Adverse Drug Reactions Causing Admission to a Paediatric Hospital
Published: Tuesday, December 04, 2012
Author: Ruairi M. Gallagher et al.

by Ruairi M. Gallagher, Jennifer R. Mason, Kim A. Bird, Jamie J. Kirkham, Matthew Peak, Paula R. Williamson, Anthony J. Nunn, Mark A. Turner, Munir Pirmohamed, Rosalind L. Smyth

Objective(s)

To obtain reliable information about the incidence of adverse drug reactions, and identify potential areas where intervention may reduce the burden of ill-health.

Design

Prospective observational study.

Setting

A large tertiary children’s hospital providing general and specialty care in the UK.

Participants

All acute paediatric admissions over a one year period.

Main Exposure

Any medication taken in the two weeks prior to admission.

Outcome Measures

Occurrence of adverse drug reaction.

Results

240/8345 admissions in 178/6821 patients admitted acutely to a paediatric hospital were thought to be related to an adverse drug reaction, giving an estimated incidence of 2.9% (95% CI 2.5, 3.3), with the reaction directly causing, or contributing to the cause, of admission in 97.1% of cases.

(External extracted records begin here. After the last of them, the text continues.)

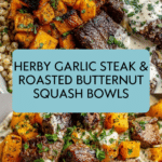 Keywords: butternut squash, steak bowl, garlic herb steak, roasted vegetables, healthy bowl, fall recipe, easy dinner
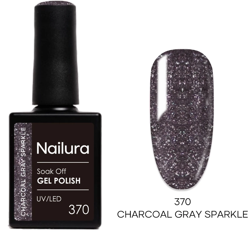 Nailura Gel Polish 10 ml - 370 Charcoal Gray Sparkle
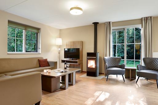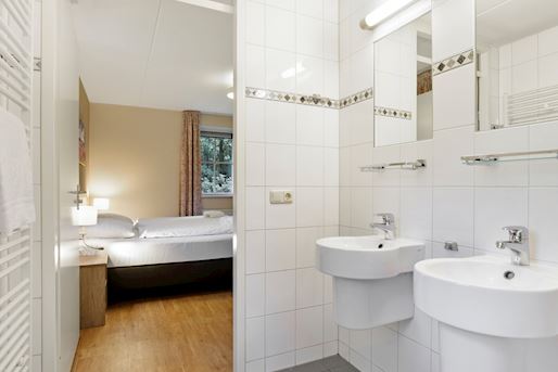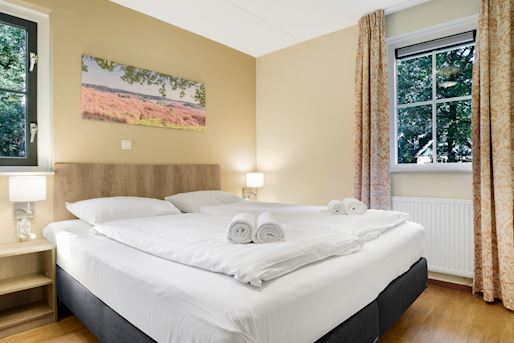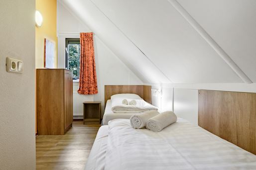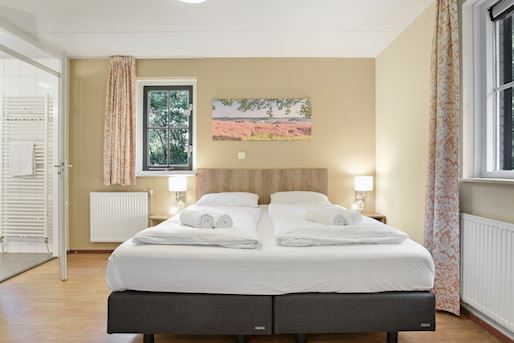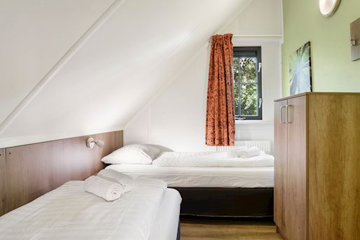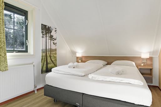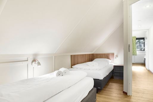 - Schlafzimmer mit zwei Auping Boxspring-Einzelbetten, 2-Personen Softtopper und Flatscreen-TV
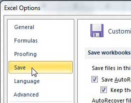ステップ4:クリックします保存の左側の列のオプションExcelオプションウィンドウ。
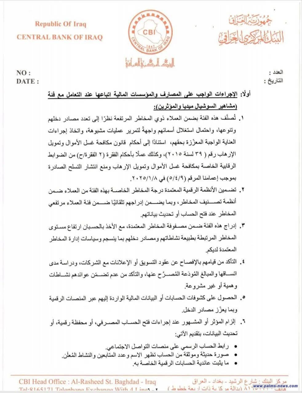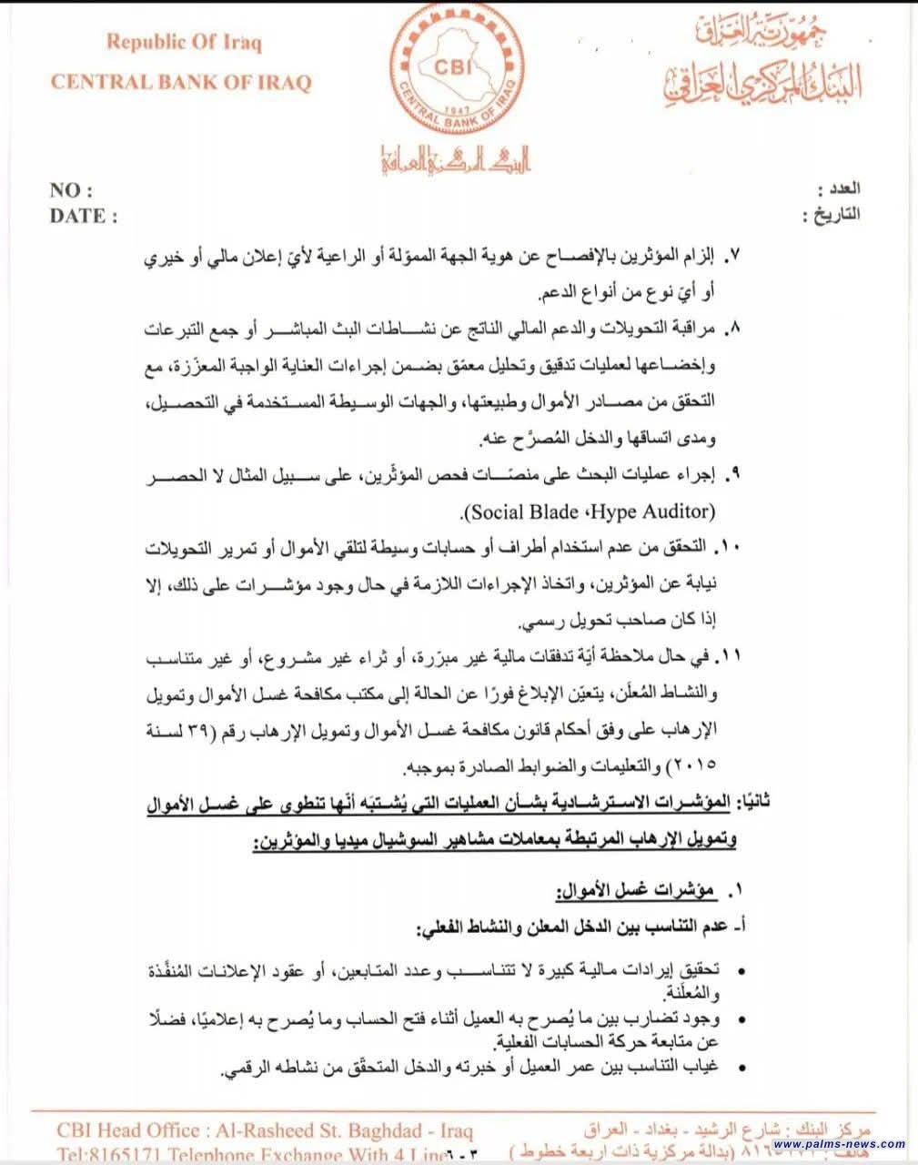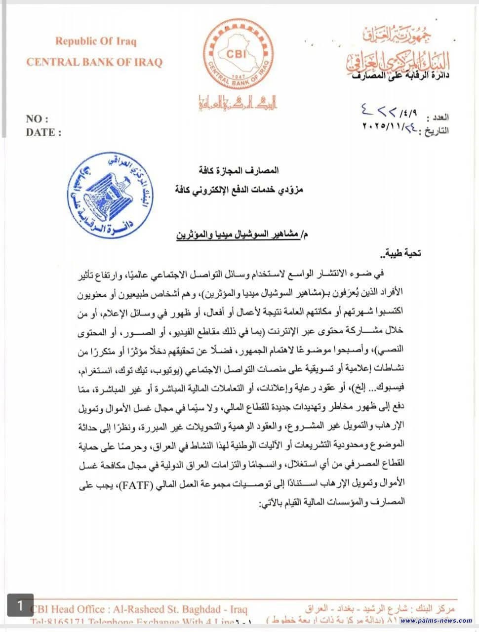 البنك المركزي يوجه المصارف وخدمات الدفع الالكتروني بشان مشاهير السوشل ميديا
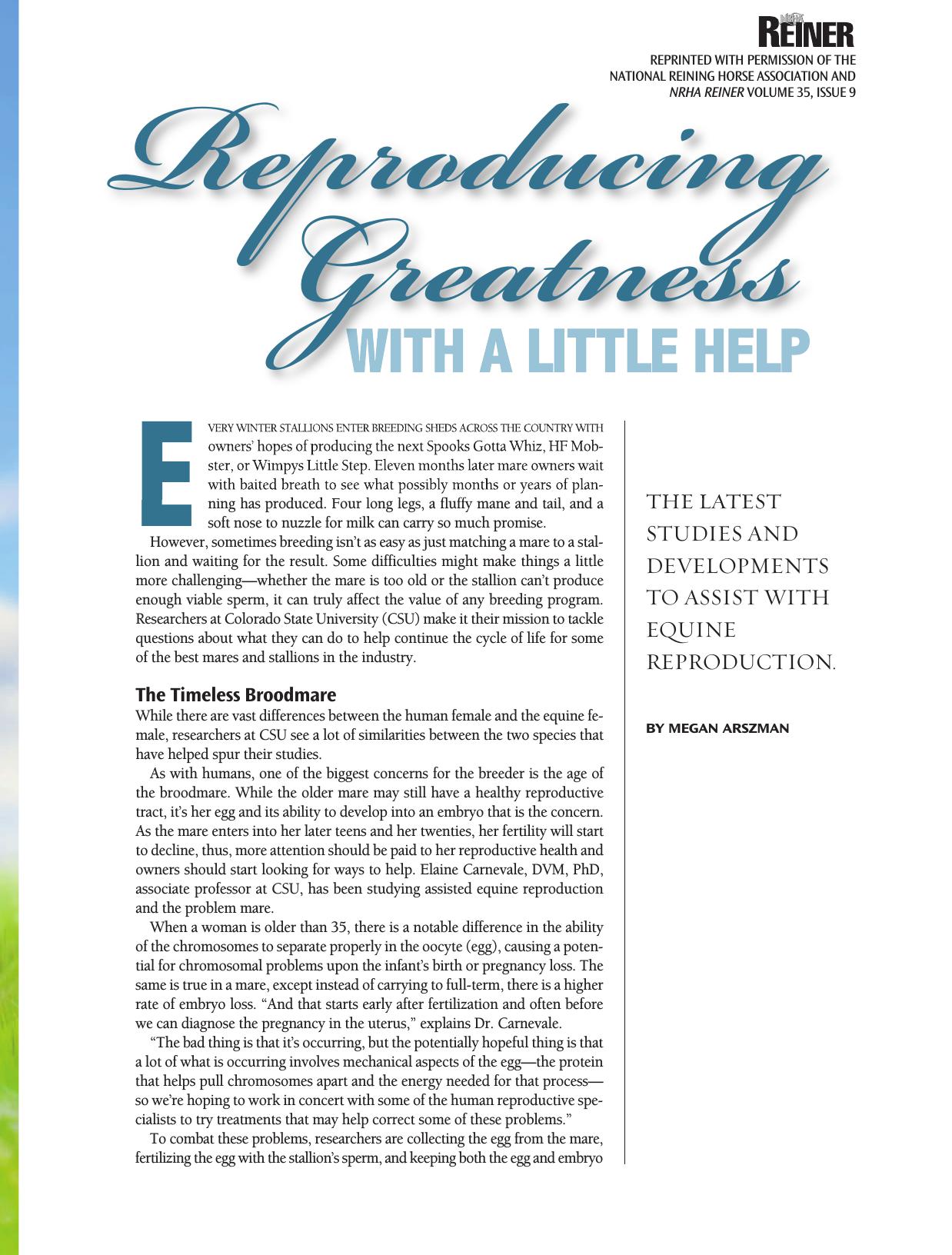 I enjoyed talking with the researchers at Colorado State University to get an update on what what reproductive milestones they’ve reached in recent years for the NRHA Reiner magazine. Things like helping older broodmares stay healthy, and how to keep the golden stallions viable for years to come.
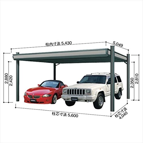ヨドコウ ヨドカーポ パワード 積雪強度3000Nm2(積雪100cm) 2台用 追加棟 KDAS-5650 シミラーブラック(WB)
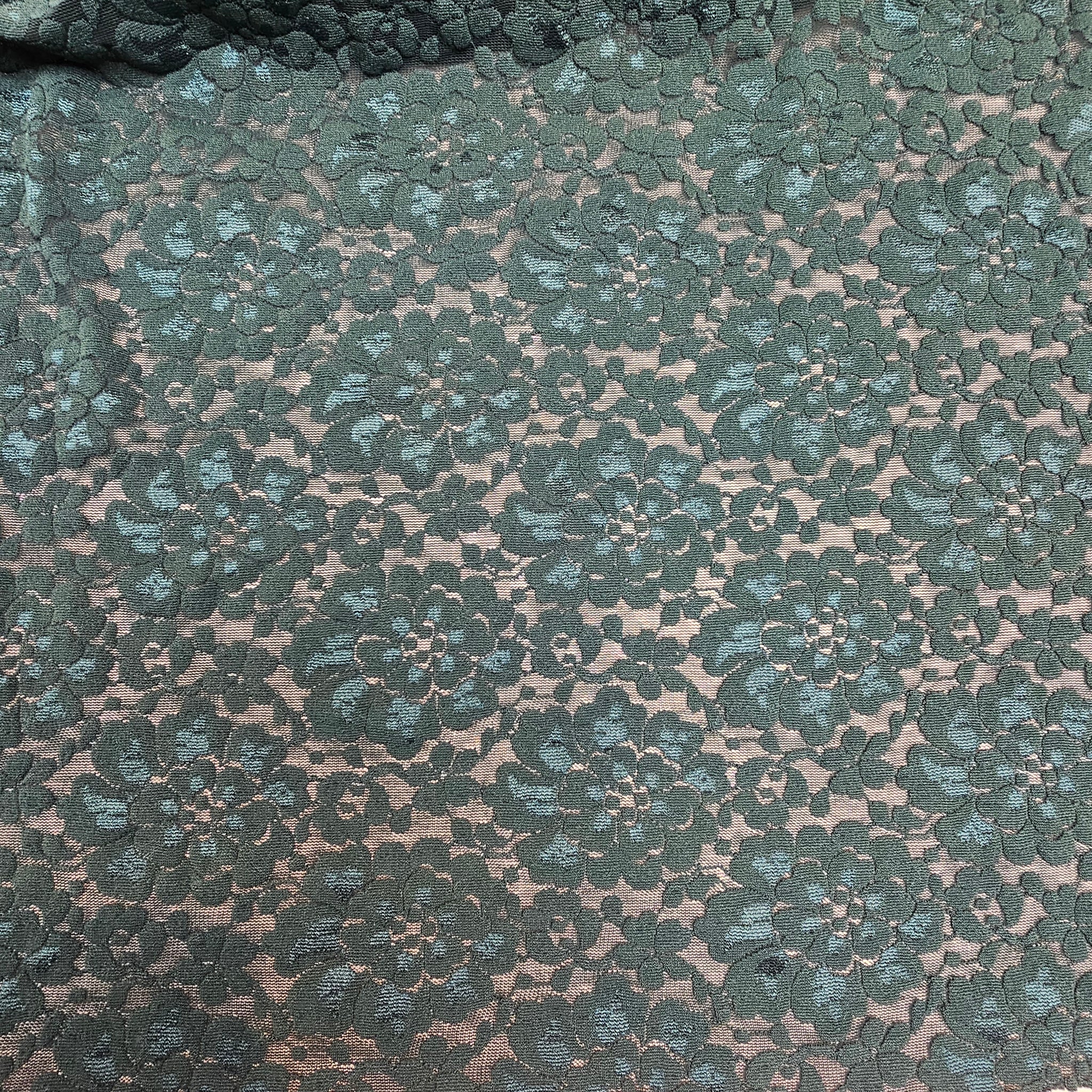Tissu en dentelle extensible vert profond (au 1/2m)
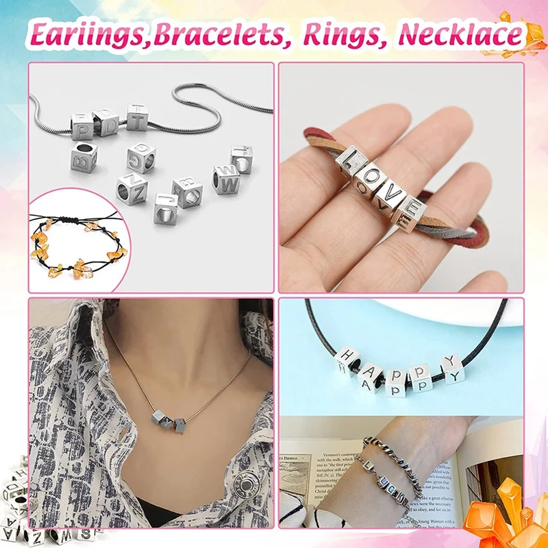 Meaningful alphabet beads: Whether you make necklaces, rings, earrings, brooches, pendants, friendship bracelets or other jewelry, this gem set can help you make them. By the way, DIY production will be more meaningful and memorable, because 100 letter beads can make a word or a name, which shows a special meaning to the one you love. Do it now!
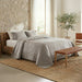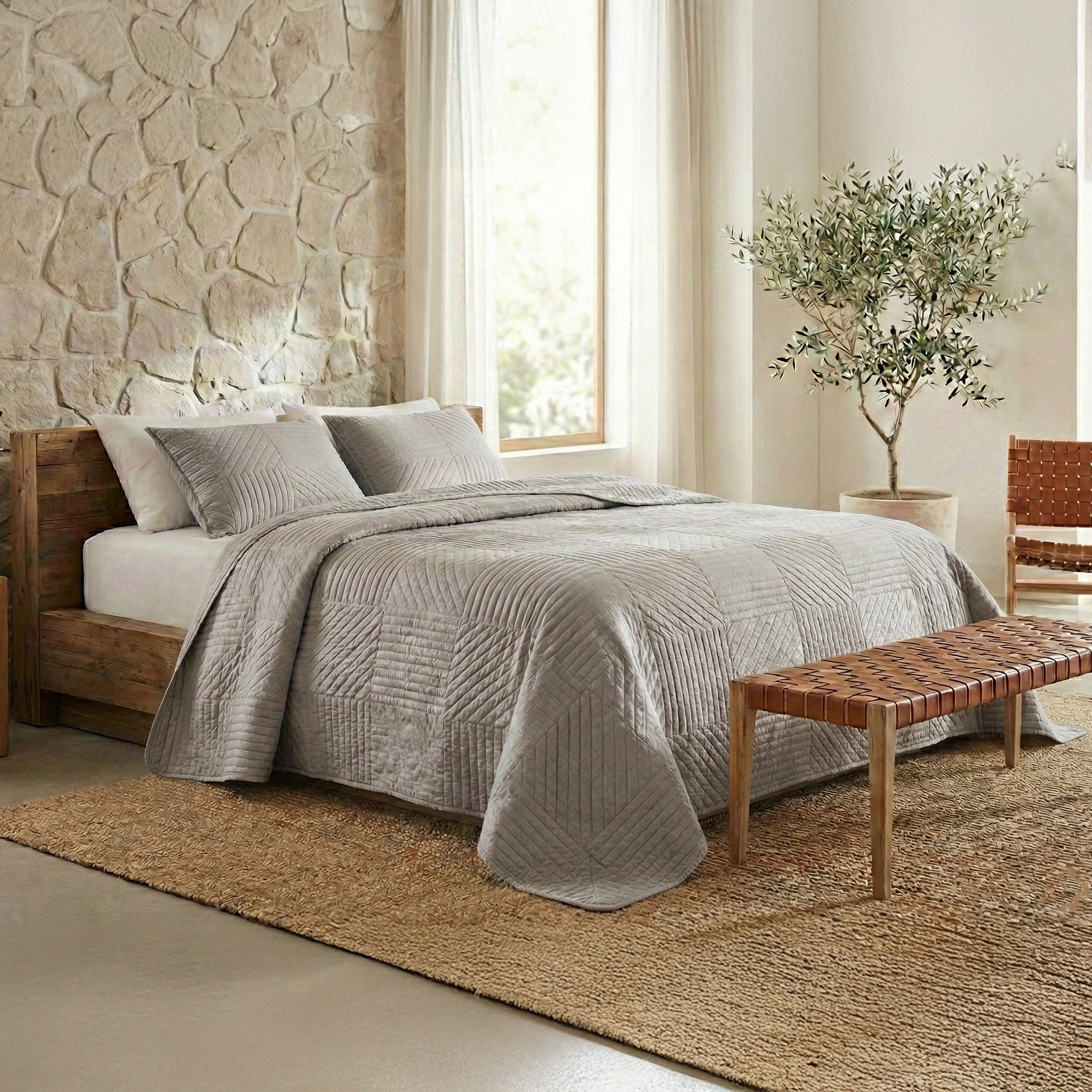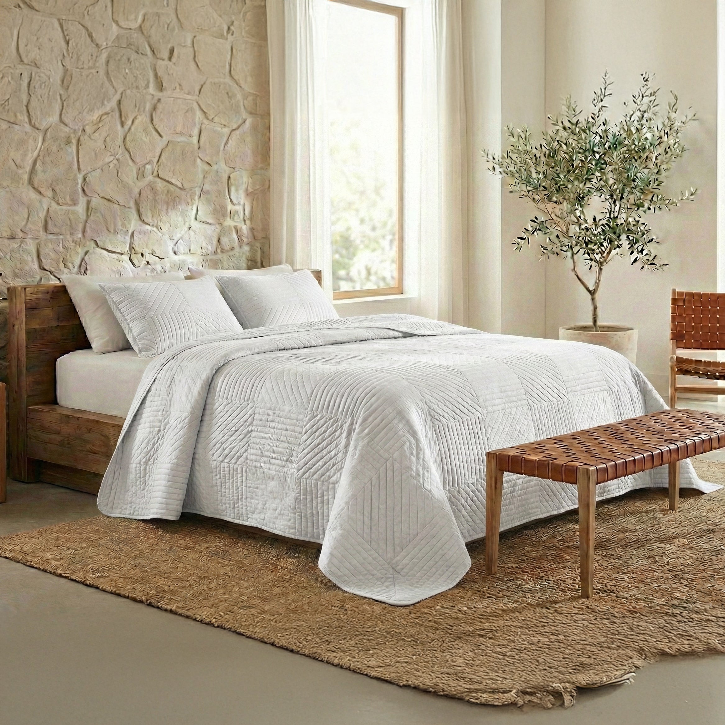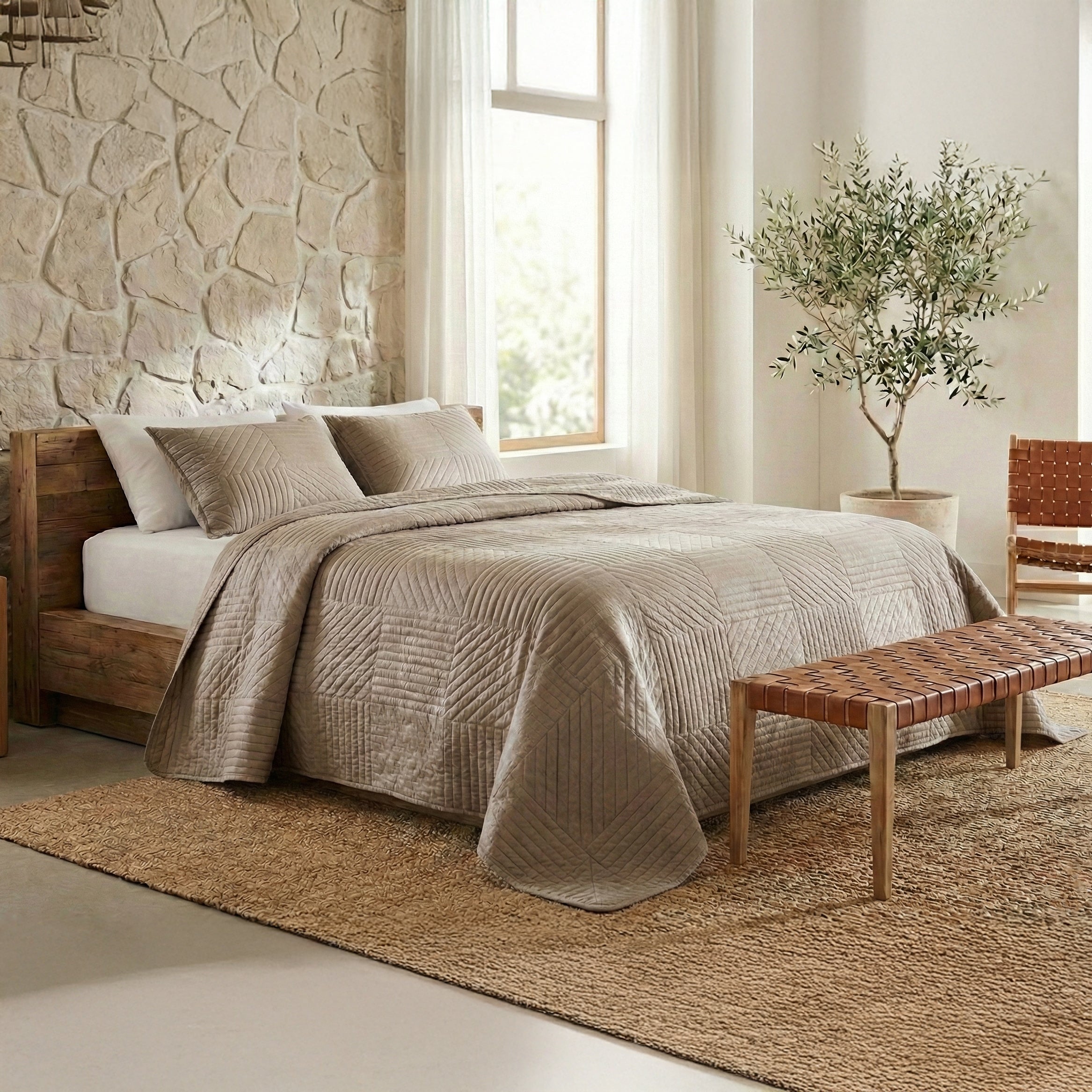 Renove o ambiente do seu quarto com esta colcha bouti em microfibra lavada, uma escolha elegante e intemporal para quem procura conforto aliado a um design moderno. O padrão geométrico em relevo confere sofisticação visual, enquanto o toque extremamente suave proporciona uma sensação acolhedora e agradável ao descanso. Com enchimento leve de 100 g/m², é ideal para utilização durante todo o ano, garantindo equilíbrio entre leveza e conforto.

No deaths were attributable to an adverse drug reaction. 22.1% (95% CI 17%, 28%) of the reactions were either definitely or possibly avoidable. Prescriptions originating in the community accounted for 44/249 (17.7%) of adverse drug reactions, the remainder originating from hospital. 120/249 (48.2%) reactions resulted from treatment for malignancies. The drugs most commonly implicated in causing admissions were cytotoxic agents, corticosteroids, non-steroidal anti-inflammatory drugs, vaccines and immunosuppressants. The most common reactions were neutropenia, immunosuppression and thrombocytopenia.

Conclusions

Adverse drug reactions in children are an important public health problem. Most of those serious enough to require hospital admission are due to hospital-based prescribing, of which just over a fifth may be avoidable. Strategies to reduce the burden of ill-health from adverse drug reactions causing admission are needed.